A scientist resides at the vertex of the trihedral trirectangle, which serves as his observatory of the whole cosmos. This system of reference remains motionless, all while its reference points are being used. But recall that we have done away with the ether. That means his system of reference is the standard one only because we have arbitrarily decided that it is motionless in relation to the others. We just as easily could have selected some other system and called it motionless, which would make the scientist's one the system that is in motion. Now, we are saying that the second system is not in motion, but the first one is in motion. We could then if we wished selected a third system, and called it motionless. That would make both the first and the second one now have motion, in relation to the motionless third one. However, Bergson says that we can conceive of the second one as being in motion even without positing a third motionless system. [Perhaps this requires that for one instant we see the first system as immobile and thus the second as mobile. Then in the next instant we see the second system as immobile and thus the first as mobile. Through these tiny but rapid steps, both systems can be conceived as having motion. Bergson writes, ] "It is true that this second system can in turn be mentally set in motion without thought necessarily electing to settle in a third system. But in that case it oscillates between the two, immobilizing them by turns through goings and comings so rapid that it entertains the illusion of leaving them both in motion. It is in this precise sense that we shall speak of a 'system of reference' " (27b). "Mais alors elle oscille entre les deux, les immobilisant tour à tour par des allées et venues si rapides qu'elle peut se donner l'illusion de les laisser en mouvement l'un et l'autre. C'est dans ce sens précis que nous parlerons d'un « système de référence »." (50).

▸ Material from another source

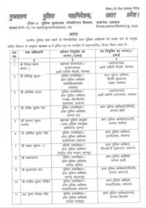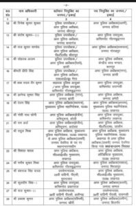 आदेश के मुताबिक झांसी के एएसपी सिटी ज्ञानेंद्र कुमार सिंह को अमेठी, डीजीपी मुख्यालय की स्थापना शाखा में तैनात रंजन सिंह को डीजीपी मुख्यालय में एएसपी क्राइम, बरेली में एएसपी एलआईयू गोपी नाथ सोनी को लखनऊ कमिश्नरेट में अपर पुलिस उपायुक्त, एलआईयू अयोध्या में तैनात राम अर्ज को पीटीएस जालौन, सीआईडी मुख्यालय में तैनात विशाल यादव को लॉजिस्टिक मुख्यालय, नोएडा कमिश्नरेट में तैनात मनीष कुमार मिश्रा को मिर्जापुर में नक्सल ऑपरेशन, मुरादाबाद स्थित 9वीं वाहिनी पीएसी में तैनात बंशराज सिंह यादव को सीआईडी मुख्यालय, प्रयागराज कमिश्नरेट में तैनात कुलदीप सिंह प्रथम को संभल में एएसपी उत्तरी, अलीगढ़ स्थित 38वीं वाहिनी पीएसी में तैनात राजकुमार द्वितीय को 34वीं वाहिनी पीएसी वाराणसी, खीरी में एएसपी पश्चिमी प्रकाश कुमार को बिजनौर में एएसपी ग्रामीण, प्रयागराज पीएसी में तैनात अनित कुमार को 9वीं वाहिनी पीएसी मुरादाबाद, सीआईडी गोरखपुर की सेक्टर ऑफिसर रचना मिश्रा को पीटीएस गोरखपुर, वाराणसी कमिश्नरेट में तैनात सुशील कुमार गंगा प्रसाद को कासगंज, संभल में एएसपी उत्तरी राजेश कुमार श्रीवास्तव को केंद्रीय आयुध भंडार, मेरठ में एएसपी ग्रामीण राकेश कुमार मिश्रा को पुलिस मुख्यालय, आगरा कमिश्नरेट में एएसपी ट्रैफिक अमिता सिंह को यूपी 112 मुख्यालय, साइबर क्राइम मुख्यालय में तैनात श्वेताभ पांडेय को ईओडब्ल्यू मुख्यालय, लखनऊ कमिश्नरेट में तैनात पंकज कुमार सिंह को 20वीं वाहिनी पीएसी आजमगढ़, कासगंज में तैनात राजेश कुमार भारतीय को पीटीसी सीतापुर, भर्ती बोर्ड में तैनात मोनिका चड्ढा को 38वीं वाहिनी पीएसी अलीगढ़, यूपीपीसीएल में तैनात अंकिता सिंंह को भर्ती बोर्ड, सोनभद्र पीएसी में तैनात विजय आनंद को प्रयागराज कमिश्नरेट और प्रयागराज कमिश्नरेट में अपर पुलिस उपायुक्त जंग बहादुर यादव को वाराणसी कमिश्नरेट भेजा गया है।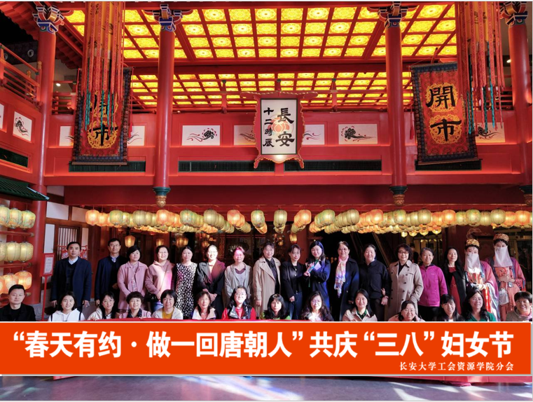 工会举办了“春天有约·做一回唐朝人”共庆“三八”妇女节活动,组织学院近30名女教工前往曲江大唐不夜城东侧曼蒂广场“长安十二时辰”,沉浸式体验“长安十二时辰”主题街区文化。学院分会主席薛冬钧、副主席林广春、文体福利委员左可胜和珠宝矿加系工会小组长李治杭作为工作人员一道参加了活动。

§31 The Ground is Constant

Now consider the events on earth for example. Many events transpire on and below its surface. But we consider all together as though they were part of a stable system of reference, the earth. Bergson calls such a system a "constant system" or just simply "system." This term applies to "every group of points which retain the same relative positions and which are therefore motionless with respect to one another" (27).

§32 Our Freedom to Be Fixed in One Place

It is possible that a constant system can serve as a system of reference. This happens when we arbitrarily designate one as such. The reference system will have its trihedral vertex.

§32 If Everything is in Relative Motion, then Everything is Motionless

[Now, let's imagine that we have many moving systems, with one system of reference. If we extend that one system out indefinitely, it will engulf all the rest, hence placing everything in the same motionless system of reference.] Consider if we could have a clock at every point in space. Each one would be its own vertex of the trihedral. Hence, writes Bergson, "the transition from 'system' to 'system of reference' will be continuous if we take the position of the theory of relativity" (27).

§33 Let's Move On Now

Our previous efforts to define our terms will allow us to further evaluate Einstein's theory.

Bergson, Henri. Duration and Simultaneity. Ed. Robin Durie. Transl. Mark Lewis and Robin Durie. Manchester: Clinamen Press, 1999.